◆ Data excerpt
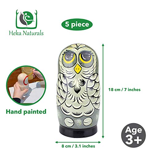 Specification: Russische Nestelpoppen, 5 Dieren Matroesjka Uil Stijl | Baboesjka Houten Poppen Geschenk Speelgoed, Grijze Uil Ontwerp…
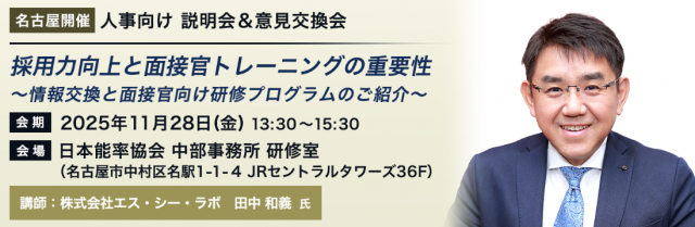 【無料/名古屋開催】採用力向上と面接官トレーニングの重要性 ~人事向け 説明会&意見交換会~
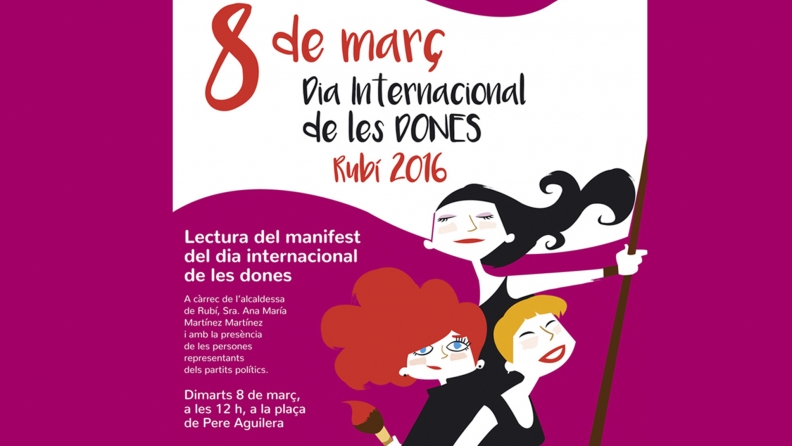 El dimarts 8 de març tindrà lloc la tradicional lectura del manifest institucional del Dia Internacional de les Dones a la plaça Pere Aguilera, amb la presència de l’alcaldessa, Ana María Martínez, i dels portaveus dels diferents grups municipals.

◆ Work to be completed
The data above must be written out again without alteration, and the pictures in them must be excluded.

◆ Answer to this task
 Specification: Russische Nestelpoppen, 5 Dieren Matroesjka Uil Stijl | Baboesjka Houten Poppen Geschenk Speelgoed, Grijze Uil Ontwerp…
 【無料/名古屋開催】採用力向上と面接官トレーニングの重要性 ~人事向け 説明会&意見交換会~
 El dimarts 8 de març tindrà lloc la tradicional lectura del manifest institucional del Dia Internacional de les Dones a la plaça Pere Aguilera, amb la presència de l’alcaldessa, Ana María Martínez, i dels portaveus dels diferents grups municipals.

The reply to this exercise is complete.